(Collected data)
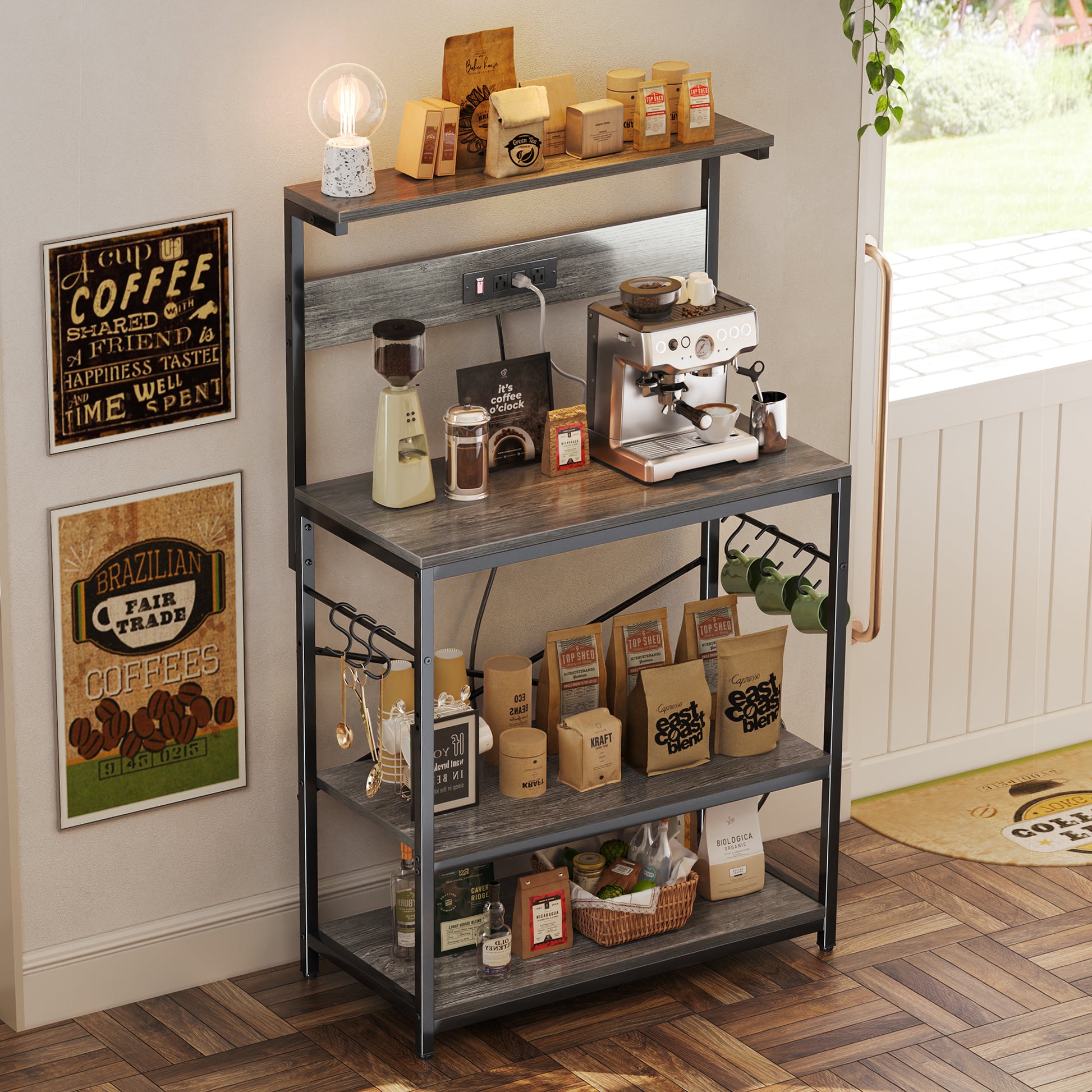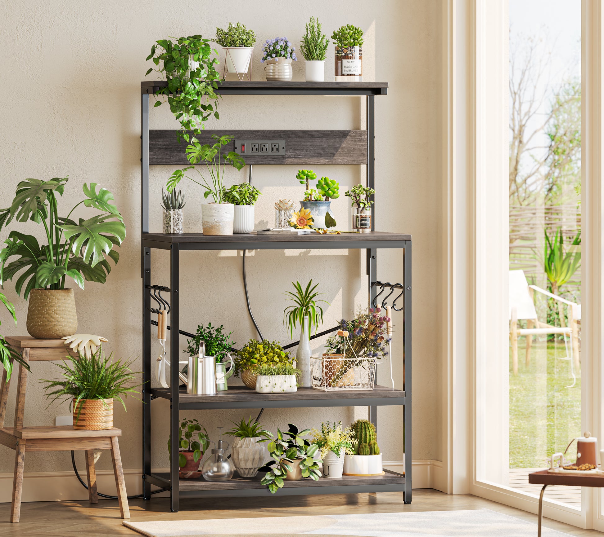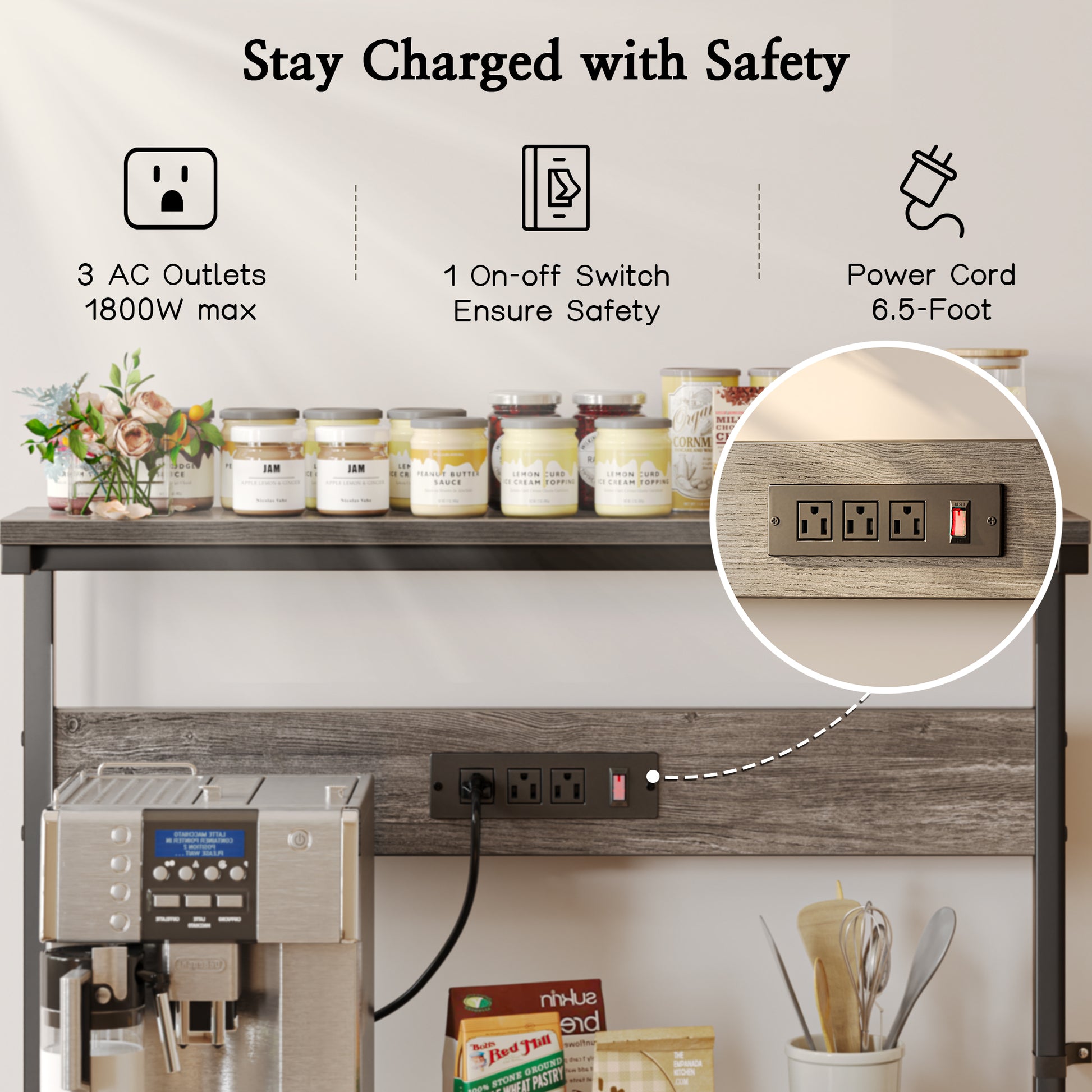 - 【Bakers Rack with Power Outlets】Imagine brewing your morning coffee with the coffee machine, blender, or kettle plugged right into the kitchen rack with 3 outlets and 1 safe switch. No more reaching behind heavy appliances and making every kitchen task easier and your counters clutter-free
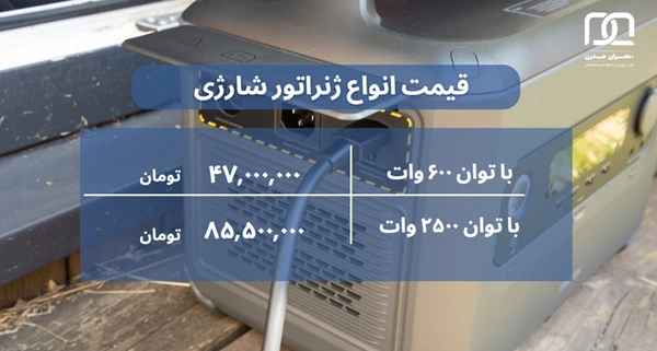 در نیم سال اول ۱۴۰۴ قیمت ژنراتور شارژی با توان ۶۰۰ وات ۴۷,۰۰۰,۰۰۰ تومان و با توان ۲۵۰۰ وات ۸۵,۵۰۰,۰۰۰ تومان می باشد. عوامل متعددی از جمله ظرفیت باتری، توان خروجی، برند و امکانات جانبی قیمت موتور برق باطری دار را تحت تاثیر قرار می دهند. هر چه ظرفیت باتری و توان خروجی بیشتر باشد، قیمت موتور برق شارژی افزایش می یابد. کارشناسان عمران مدرن همواره آماده پاسخگویی به پرسش های شما در خصوص خرید انواع تجهیزات ساختمانی و قیمت ژنراتور برق اضطراری می باشند.
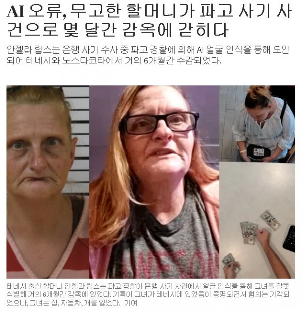 AI 얼굴 인식 오류로 인해 억울하게 6개월간 옥살이 한 여성
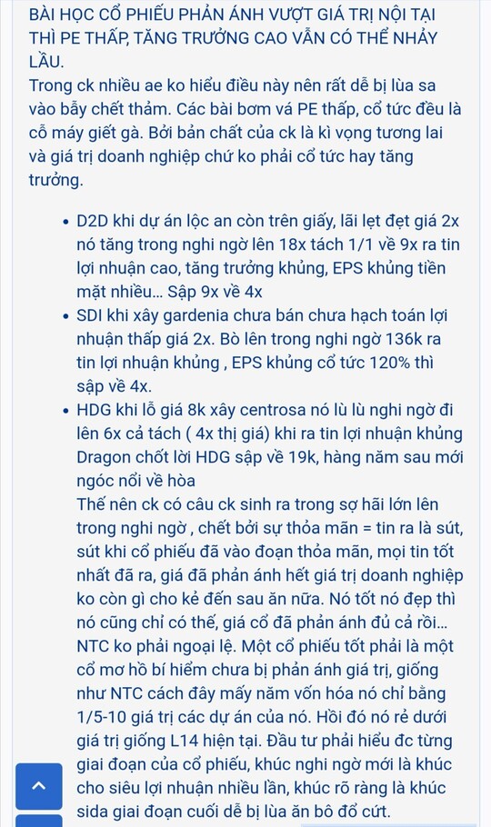 Có 2 cách kiếm tiền khi đầu tư cổ phiếu: 1. Đầu tư vào DN tăng trưởng, ngon, trả cổ tức đều đặn hàng năm 2. Kiếm tiền dựa vào chênh lệch giá cổ phiếu NTC thuộc loại 1, L14 thuộc loại số 2, tuy nhiên khi đầu tư vào loại số 2 phải xác định XU HƯỚNG của cổ phiếu, xu hướng được tạo ra dựa trên kết quả kinh doanh doanh nghiệp. Câu hỏi đặt ra tại sao giá L14 lại rớt thảm từ 100 xuống 71, đương nhiên dựa trên kỳ vọng KQKD. Các con gà vào L14 đều kỳ vọng NMP rồi thất vọng, kết quả kinh doanh L14 liên tục đi xuống trong 3 năm, 2019 80 tỷ, 2020 35 tỷ, 2021 thậm chí giảm còn 28 tỷ, với NMP còn chưa giải phóng mặt bằng thì 2022 chắc chắn L14 sẽ lỗ nặng, chu kỳ L14 nếu có làm NMP chắc từ năm 2024 trở đi. L14 còn giữ được giá này là do có A7 cầm đầu cặm cụi ngày đêm vào các diễn đàn Pr lùa gà do hắn cầm lượng lớn L14, xả thì sập con mịa sàn không biết bao nhiêu phiên. Về TA thì L14 đã bước vào chu kỳ down trend với đỉnh sau thấp hơn đỉnh trước, đáy sau thấp hơn đáy trước, đường giá xuyên thủng MA50, những phiên bull vol thấp tè, đỏ vol to tướng, dòng tiền đang rút ra dần tuy nhiên ko dám bán số lượng lớn vì bán vậy thì tự tay bóp dái luôn. Anh em ai cầm con này hết sức cẩn trọng vì chỉ cần 1 lệnh bán kích hoạt ATC 5k trở lên sẽ dẫn đến cuộc tháo chạy của khá nhiều tài khoản lớn nhóm A7 và các con nhang.
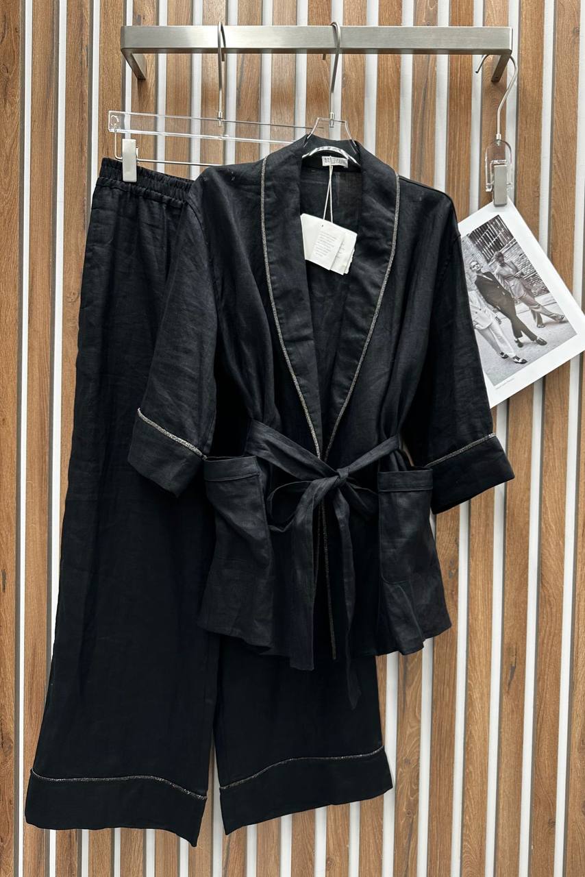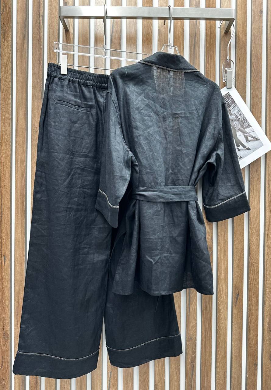 Костюм женский Brunello Cucinelli LUX-106884 представляет собой элегантный ансамбль для создания стильного образа. Этот костюм состоит из свободной накидки с поясом и брюк, выполненных в дымчато-сером цвете. Он сочетает в себе изысканность и комфорт, идеально подходит для повседневной носки или особых случаев.
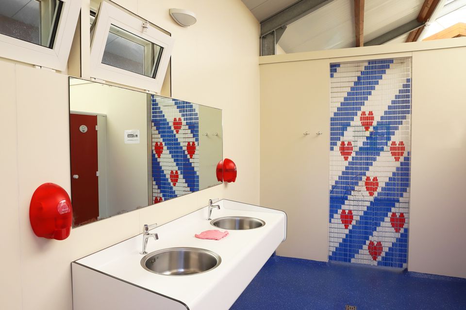The campsite is located on the water in the beautiful lake area of Southwest Friesland and has many facilities. In addition to the possibility to reserve a place for your tent, caravan or motorhome, it is also an option to choose the group accommodation, the log cabins or glamping tent. The group accommodation is suitable for groups up to forty people, but can also be booked for smaller groups. The log cabins and glamping tent are suitable for a group of up to five people. There is also a nice spacious toilet block with toilets, 6 showers, a launderette and a baby room. The 6 showers are equipped with automatic showers and work on € 0.50 cent coins. A disabled room is available for our guests who have difficulty walking. There is an opportunity to do your dishes on the side of the toilet block.
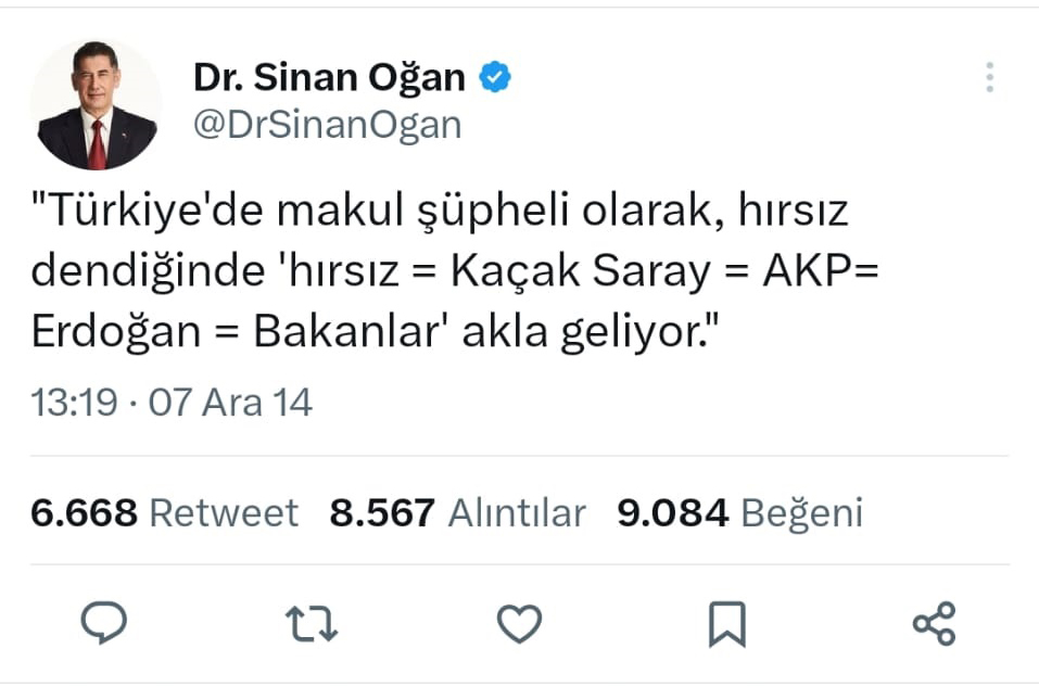 Başka bir paylaşımda ise, “Türkiye’de makul şüpheli olarak, hırsız dendiğinde ‘hırsız = Kaçak Saray = AKP = Erdoğan = Bakanlar’ akla geliyor.” demekte.
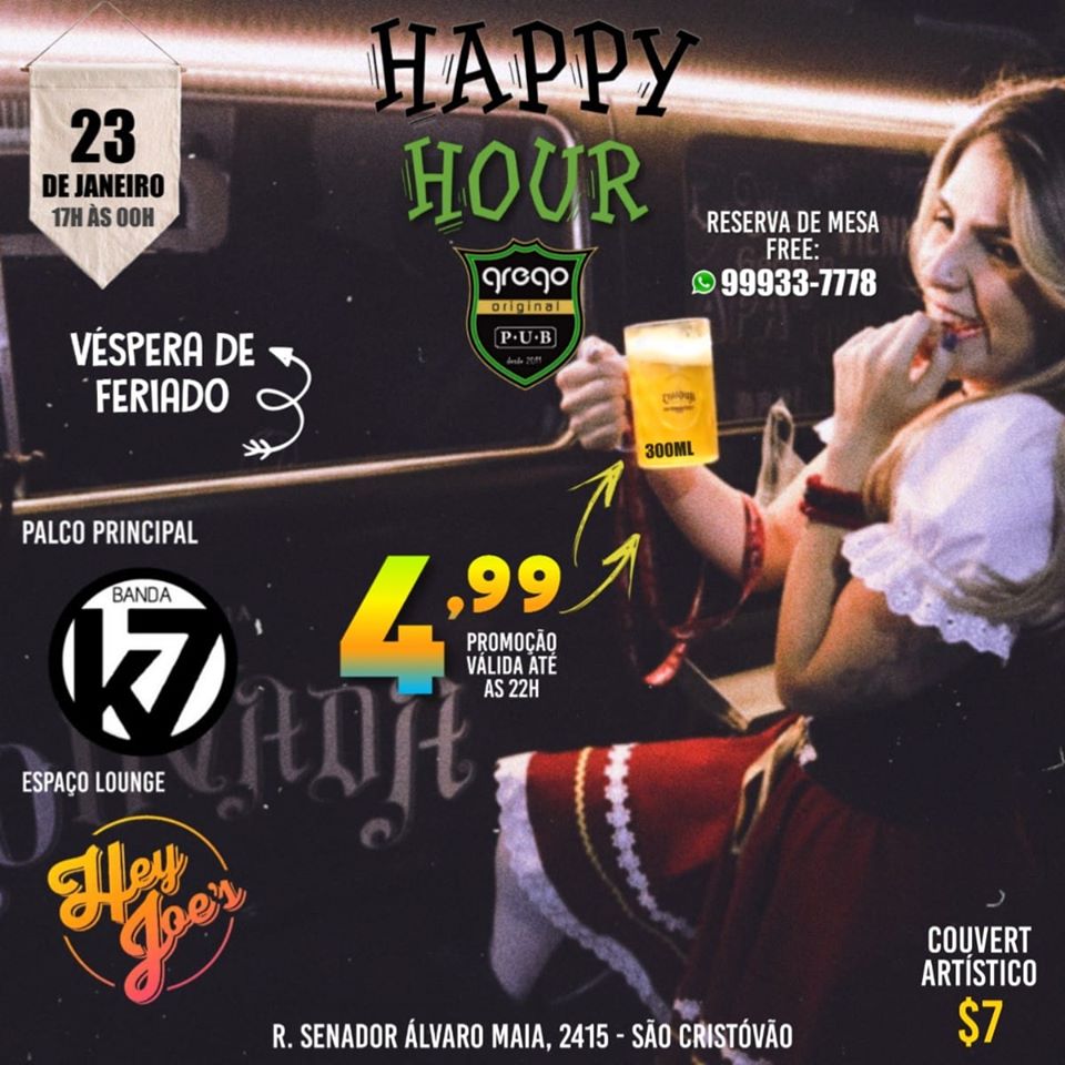 Devido ao feriado de sexta, o Happy Hour será na quinta-feira, 23, véspera de feriado com uma programação super especial preparada para você. Com muito rock, atrações e promoções!
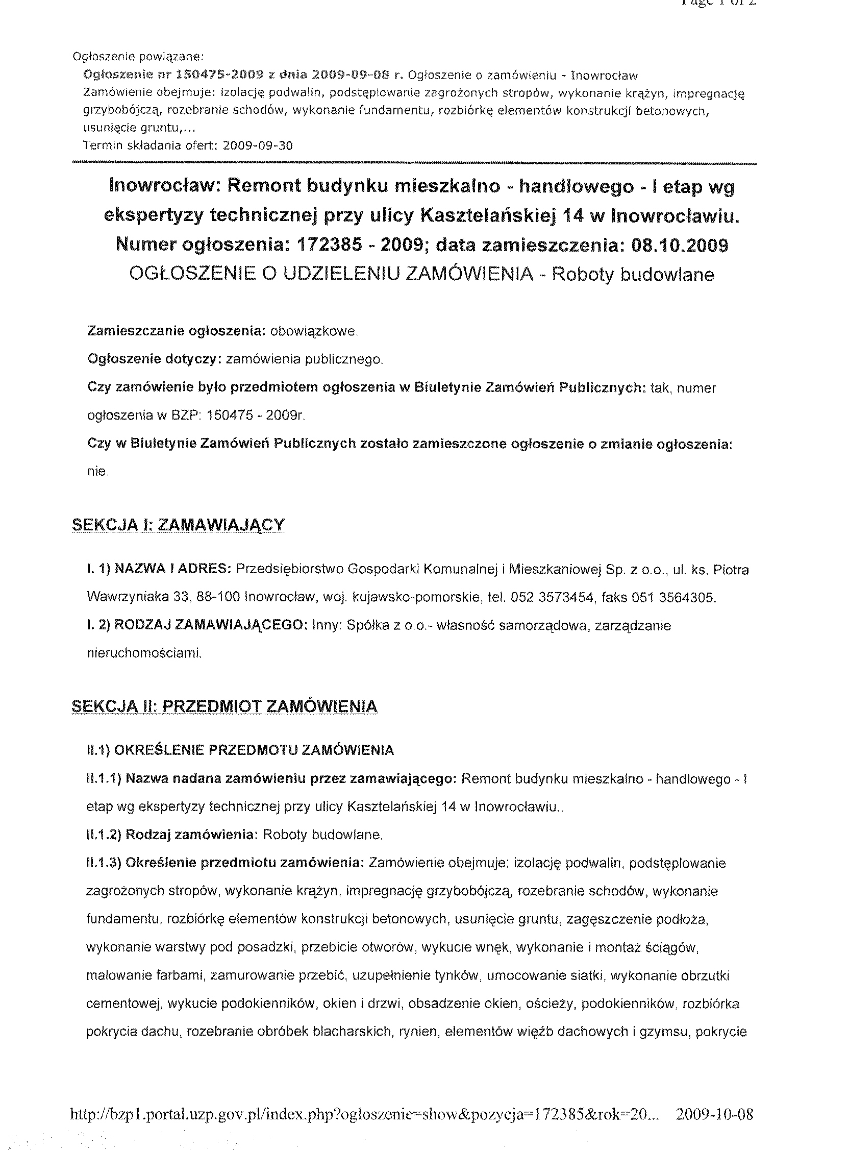 Nazwa nadana zam贸wieniu: "Remont budynku mieszkalno - handlowego - I etap wg ekspertyzy technicznej przy ulicy Kasztela艅skiej 14 w Inowroc艂awiu". 聽 Zam贸wienie obejmuje: izolacj臋 podwalin, podst臋plowanie zagro偶onych strop贸w, wykonanie kr膮偶yn, impregnacj臋 grzybob贸jcz膮, rozebranie schod贸w, wykonanie fundamentu, rozbi贸rk臋 element贸w konstrukcji betonowych, usuni臋cie gruntu, zag臋szczenie pod艂o偶a, wykonanie warstwy pod posadzki, przebicie otwor贸w, wykucie wn臋k, wykonanie i monta偶 艣ci膮g贸w, malowanie farbami, zamurowanie przebi膰, uzupe艂nienie tynk贸w, umocowanie siatki, wykonanie obrzutki cementowej, wykucie podokiennik贸w, okien i drzwi, obsadzenie okien, o艣cie偶y, podokiennik贸w, rozbi贸rka pokrycia dachu, rozebranie obr贸bek blacharskich, rynien, element贸w wi臋藕b dachowych i gzymsu, pokrycie dachu pap膮 termozgrzewaln膮, impregnacj臋 grzybob贸jcz膮, wywiezienie i utylizacj臋 gruzu. 聽 5. Nie dopuszcza si臋 sk艂adania ofert cz臋艣ciowych. 6. Nie dopuszcza si臋 sk艂adania ofert wariantowych. 7. Zamawiaj膮cy nie przewiduje zawarcia umowy ramowej, jak r贸wnie偶 nie dokona wyboru oferty najkorzystniejszej z zastosowaniem aukcji elektronicznej. 8. Zamawiaj膮cy nie przewiduje mo偶liwo艣ci ustanowienia dynamicznego systemu zakup贸w. 聽 9. Osobami uprawnionymi do kontakt贸w z wykonawcami s膮: a) w cz臋艣ci formalnej zam贸wienia - Krystyna Glonek, tel.052 3564 304, b) w cz臋艣ci merytorycznej zam贸wienia聽-Anna Nawrocka, tel. 052 35 64聽325. 聽 10. Po偶膮dany termin realizacji zam贸wienia: do 30 listopada 2009 r. 聽

* [Brief]
Lines from the one above containing "AI 얼굴 인식 오류로 인해 억울하게 6개월간 옥살이 한 여성" down to the one containing "Костюм женский Brunello" should be transcribed exactly, with both ends kept and no pictures.

* [Answer to the problem]
 AI 얼굴 인식 오류로 인해 억울하게 6개월간 옥살이 한 여성
 Có 2 cách kiếm tiền khi đầu tư cổ phiếu: 1. Đầu tư vào DN tăng trưởng, ngon, trả cổ tức đều đặn hàng năm 2. Kiếm tiền dựa vào chênh lệch giá cổ phiếu NTC thuộc loại 1, L14 thuộc loại số 2, tuy nhiên khi đầu tư vào loại số 2 phải xác định XU HƯỚNG của cổ phiếu, xu hướng được tạo ra dựa trên kết quả kinh doanh doanh nghiệp. Câu hỏi đặt ra tại sao giá L14 lại rớt thảm từ 100 xuống 71, đương nhiên dựa trên kỳ vọng KQKD. Các con gà vào L14 đều kỳ vọng NMP rồi thất vọng, kết quả kinh doanh L14 liên tục đi xuống trong 3 năm, 2019 80 tỷ, 2020 35 tỷ, 2021 thậm chí giảm còn 28 tỷ, với NMP còn chưa giải phóng mặt bằng thì 2022 chắc chắn L14 sẽ lỗ nặng, chu kỳ L14 nếu có làm NMP chắc từ năm 2024 trở đi. L14 còn giữ được giá này là do có A7 cầm đầu cặm cụi ngày đêm vào các diễn đàn Pr lùa gà do hắn cầm lượng lớn L14, xả thì sập con mịa sàn không biết bao nhiêu phiên. Về TA thì L14 đã bước vào chu kỳ down trend với đỉnh sau thấp hơn đỉnh trước, đáy sau thấp hơn đáy trước, đường giá xuyên thủng MA50, những phiên bull vol thấp tè, đỏ vol to tướng, dòng tiền đang rút ra dần tuy nhiên ko dám bán số lượng lớn vì bán vậy thì tự tay bóp dái luôn. Anh em ai cầm con này hết sức cẩn trọng vì chỉ cần 1 lệnh bán kích hoạt ATC 5k trở lên sẽ dẫn đến cuộc tháo chạy của khá nhiều tài khoản lớn nhóm A7 và các con nhang.
 Костюм женский Brunello Cucinelli LUX-106884 представляет собой элегантный ансамбль для создания стильного образа. Этот костюм состоит из свободной накидки с поясом и брюк, выполненных в дымчато-сером цвете. Он сочетает в себе изысканность и комфорт, идеально подходит для повседневной носки или особых случаев.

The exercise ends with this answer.